I'm trying to check my answer to the follow:
John's score is a number uniformly chosen between $0$ and $3$. Mary's score is a number uniformly chosen between $0$ and $1$. The two numbers are chosen independently. Find the probability that John's score is at least twice Mary's score.
My attempt: We want to find $P(J > 2M)$ where $J$ is the score John receives and $M$ is the score Mary receives.
I first found the CDF for Mary and John: $$P(M \leq m) = m$$ $$P(J \leq j) = \frac{j}{3}$$
Then the probability that John's score is twice Mary's given we have Mary's score: $$P(J > 2M \mid M) = \frac{3-2M}{3}$$ Using the total law of probability $$P(J > 2M \mid M)P(M) = \frac{(3-2M)M}{3}$$ which should be the probability that John's score is at least twice as great as Mary's.
Is this correct?
You've correctly worked out $P(J>2M\mid M=m)=\frac{(3-2m)}{3}$. This is the probability for a particular value of Mary's score, $M=m$. The problem is that you don't know $M$, but only know its distribution. So your final expression doesn't make sense - it is still written in terms of an unknown variable whereas your answer should be a number.
If you had a discrete distribution for $M$ (I'll describe below how this changes for a continuous distribution, but it is easier to understand if you think about the discrete case first), you could now multiply by $P(M=m)$ to get $P(M=m,J>2M)$. But that would only count the successful cases where Mary gets one particular value $m$, and you would need to sum all these probabilities for the different $m$ to find the total probability.

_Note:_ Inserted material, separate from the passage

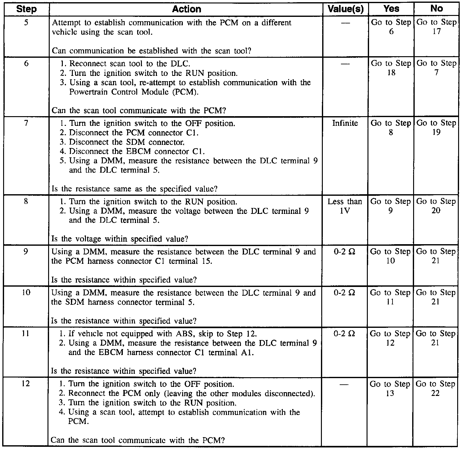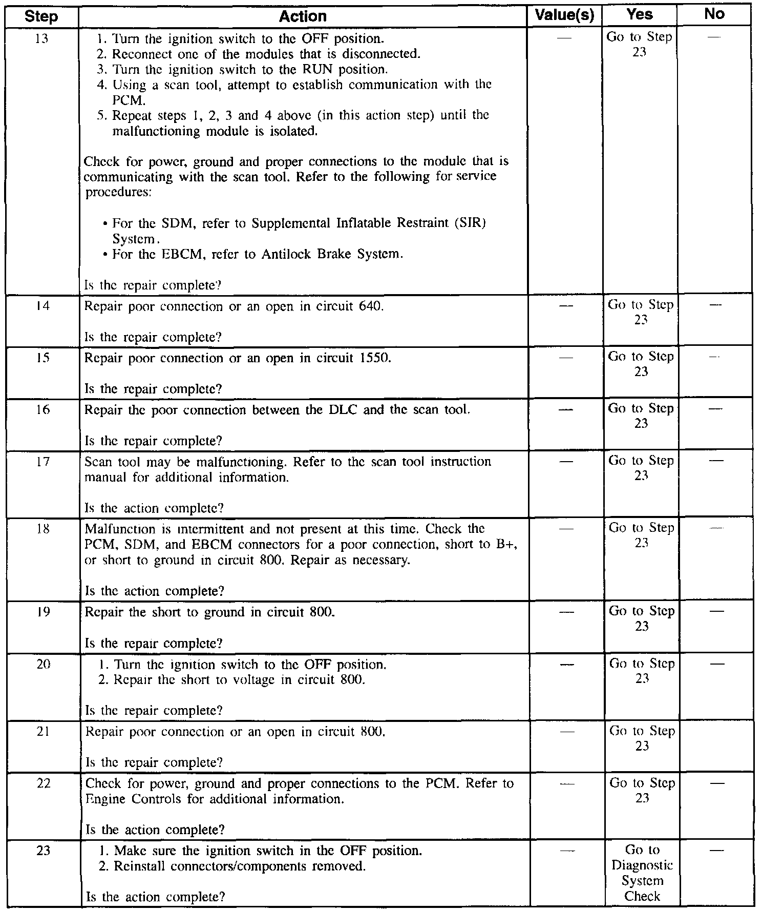 Table 1 Scan Tool Doesn't Communicate W/The UART Serial Data Link (Part 3 Of 3):

You have a continuous distribution, so what you actually need to do at this point is average $P(J>2M\mid M=m)$ over the distribution of Mary's score. That is you want $\int_0^1 \frac{(3-2m)}{3}f(m)\,dm$, where $f(m)$ is the pdf of Mary's score (here that is just $1$ on the range of possible values). This is exactly the continuous analogue of the discrete sum above.